De Morais is a Swiss-Angolan tycoon who founded and led several businesses over the course of his career, among them Quantum Global, an international investment group with a particular focus on Africa, and Banco Kwanza Invest, Angola's first investment bank.

Until recently, Zimbabwe's new Finance minister Mthuli Ncube was Quantum's managing director. De Morais and José Filomeno were placed in detention on suspicion of embezzling national funds over the alleged illegal transfer of US$500 million from state coffers to an HSBC Holdings Plc account in the UK.

The new Angolan government has made fighting corruption and economic reform its much-vaunted mantra. This is buying it goodwill among international investors and boosting its popularity at home, a new report by a global risk consultancy group said this week.

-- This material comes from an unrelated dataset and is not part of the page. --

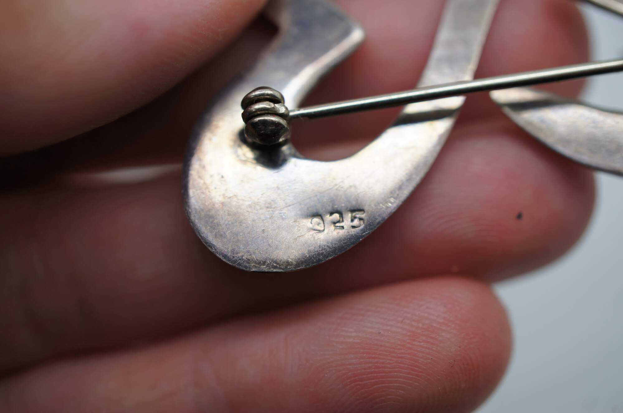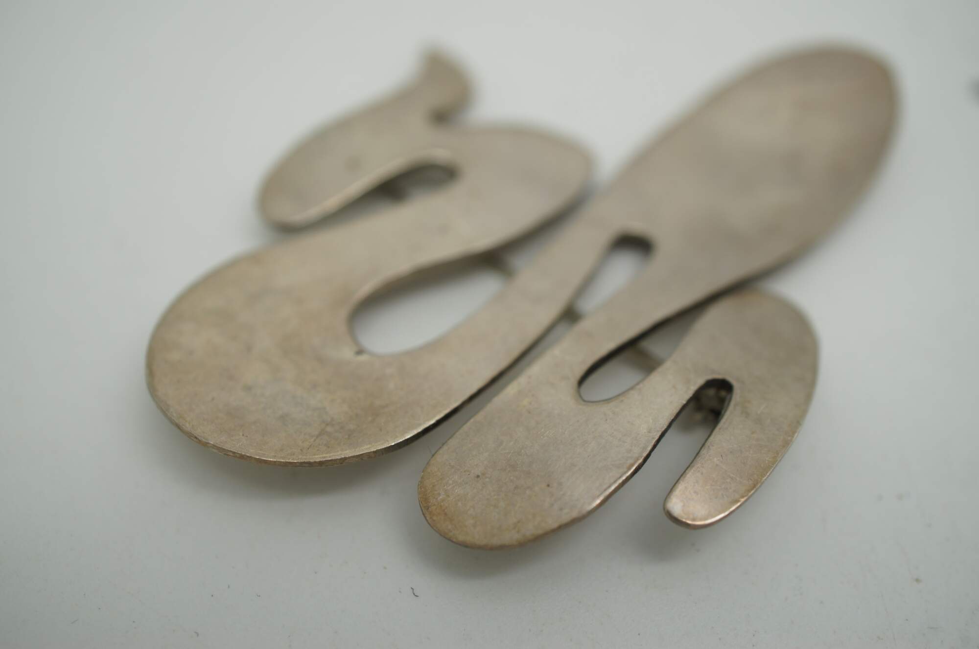 Pair of vintage Mexican 925 sterling silver pins / brooches - one flat abstract shape and one interlocking open ended hearts.

However, the country's political economy remains firmly controlled by the same political-business-military elite which dominated Angola for generations. A new report by political and security risk consultancy A2 Global Risk says in the Democratic Republic of Congo (DRC) Joseph Kabila and his cronies also treated the country like an heirloom.
The DRC has been colonised, raped and looted by plunderers such as King Leopold II who claimed and exploited the country as a private venture, and Mobutu Sese Seko.

Mnangagwa must stop the cronyism and dismantle the patronage networks.While he has made all the right noises during his nine months in power, he must now match his lofty anti-corruption rhetoric with concrete, decisive action.

It remains to be seen is whether Mnangagwa can now move beyond noisy rhetoric and - like Angola's Laurenço and Tanzania's John Magufuli - bite the bullet by slaying the multi-headed monster of corruption, cronyism, patronage and primitive accumulation. He has his work cut out for him.